Стихи из «Коричневой тетради»
Ода
 
Визирь ярится. Кровь Эллады
И резво скачет и кипит.
Открылись грекам древни клады,
Трепещет в Стиксе лютый Питт.
И се – летит предерзко судно
И мещет громы обоюдно.
Сей Бейрон, Феба образец,
Притек – но недруг быстропарный,
Строптивый и неблагодарный
Взвел смерти на него резец.
Певец бессмертный и маститый,
Тебя Эллада днесь зовет
На месте тени знаменитой,
Пред коей Цербер здесь ревет.
Как здесь, ты будешь там сенатор,
Как здесь почтенный литератор,
Но новый лавр тебя ждет там,
Где от крови земля намокла;
Перикла лавр, лавр Фемистокла;
Лети туда, снегирь наш, сам.
Вам с Бейроном шипела злоба,
Гремела и правдива лесть.
Он – лорд, граф – ты! Поэты оба!
Се, мнится, явно сходство есть —
Никак! Ты с верною супругой
Под бременем судьбы упругой
Живешь в любви – и наконец
Глубок он, но единобразен.
А ты глубок, игрив и разен —
А в шалостях ты впрямь певец.
А я, неведомый пиита,
В восторге новом воспою
Вослед пиита знаменита
Правдиву похвалу свою.
Молися кораблю бегущу,
Да Бейрону он узрит кущу,
И да блюдут твой мирный сон
Нептун, Плутон, Зевс, Цитерея,
Гебея, Псиша, Крон, Астрея,
Феб, Игры, Смехи, Вакх, Харон.
 
Совет
 
Поверь: когда слепней и комаров
Вокруг тебя летает рой журнальный,
Не рассуждай, не трать учтивых слов,
Не возражай на писк и шум нахальный.
Ни логикой, ни вкусом, милый друг,
Никак нельзя смирить их род упрямый.
Сердиться грех – но замахнись и вдруг
Прихлопни их проворной эпиграммой.
И уходи вперед респираторной гаммой,
Туда-сюда раскачивай ладью,
Не удивляя, огорошить хама
И всю его разверстую семью,
Семью замками заперта печать,
Уста сургучные заклеены лениво,
Глагола проникающая стать
И женщины явление строптиво.
Не повторяй, рефрен им невдомек,
Но вновь явись, как постоянный срок.
 
Встреча
 
Здравствуйте, Настасья Филипповна!
Здрасьте, ответила я.
Что ж вы сидите под липами?
Где ж мне сидеть, у ручья?
Воду ль мне выпить забвения,
Птицей на ветку ли сесть
Иль вечноженственным мнением
Душам отдать свою весть?
Здравствуй, прекрасная, милая,
Что ж ты явилась опять
С прежней жестокою силою,
Как нам тебя величать?
Феней ли, Феникс, как хочется,
Роза, Мария иль Рос,
Иль Лорелея-наводчица:
Тут не ответ, а вопрос.
Роза ветров и попутчица,
Призрак иль тень я твоя,
Вечнозеленая спутница.
Здрасьте, скажу, вот и я.
 

3

По определению Зиммлера, стихи – это зеркало души.
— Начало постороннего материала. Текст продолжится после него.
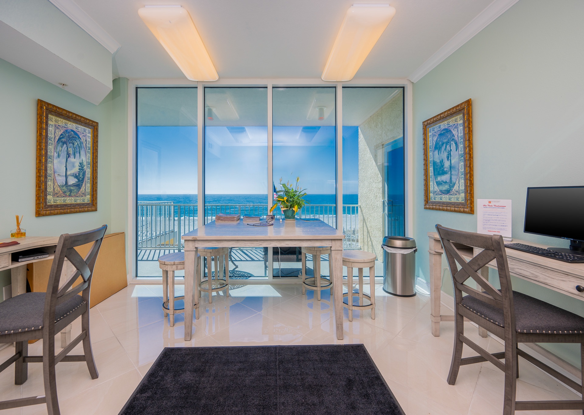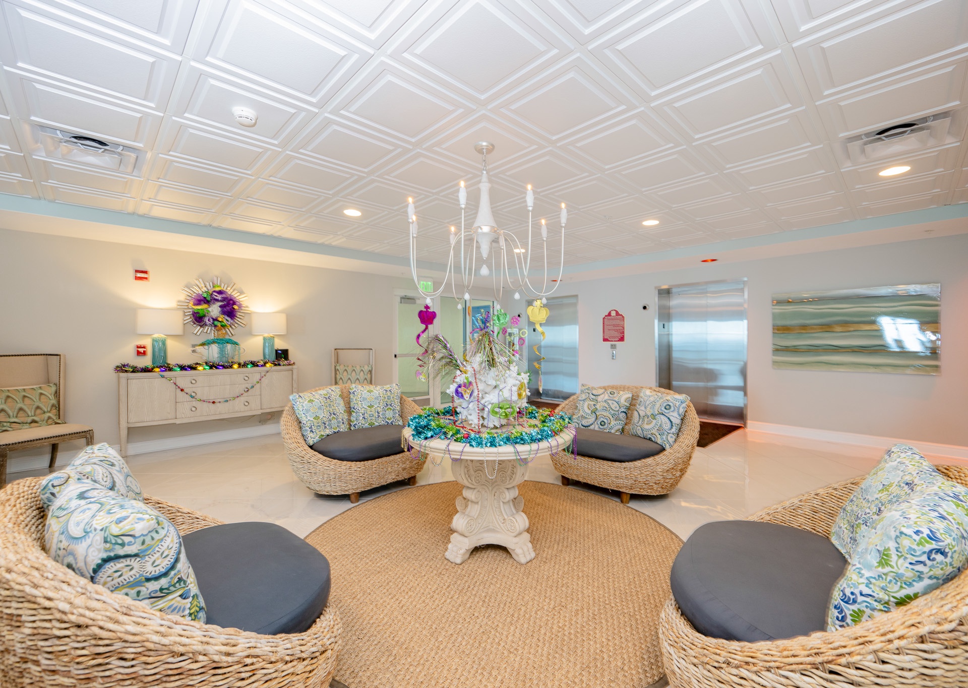 In addition to the sugar-white sands of Gulf Shores, the San Carlos complex features a zero-entry outdoor pool, a sauna, a grilling area, and an exercise room with a stunning view of the Gulf.

Дик Крэнстон утверждает, что «чудачества и даже тики как-то гармонично входили в облик нашего второго героя», и (продолжаем цитату) «не сомневаюсь, были необходимы для его творчества». С этим трудно согласиться, как со слишком банальной интерпретацией столь неординарной натуры, хотя и понятно стремление исследователя увидеть ассоциативную связь между физиологическими проявлениями писателя и его стилистическими приемами. Крэнстон утверждает, что одним из характерных нервных тиков, присущих поэту и, несомненно, специально им культивируемых, была привычка как-то странно втягивать воздух носом: них, них, пока не добивался отчетливого похрюкиванья. Г-н Краснов уверяет, что, по мнению окружающих, в этом, несомненно, было что-то деланное и нарочито позерское. Крэнстон, оспаривая это мнение, замечает, что, «несмотря на эти нервные подергиванья, он держался всегда абсолютно естественно и просто не мог быть иным, ибо обладал безошибочным вкусом, одинаково проявляющимся как в мелочах, так и в крупном, от одежды и манеры держаться до сложнейших вопросов мировоззрения или суждений о жизни и искусстве». Его, Ялдычева-младшего, характеризовала высокая степень джентльменства и не только внешней, но и внутренней благовоспитанности, которую он, конечно, почерпнул у своего отца, еще при старом режиме просидевшего рекордное число лет в Алексеевском равелине, переписываясь с Толстым и подсказав сюжет последней пьесы Чехову: двое ученых любят одну женщину, она сначала любит одного, потом изменяет ему, и он с горя уезжает на Дальний Север. Место действия 3-го акта – пароход, затертый льдами, северное сияние, ученый одиноко стоит на палубе, тишина, покой и величие ночи, и в последний момент перед ним проносится серебристая тень любимой женщины.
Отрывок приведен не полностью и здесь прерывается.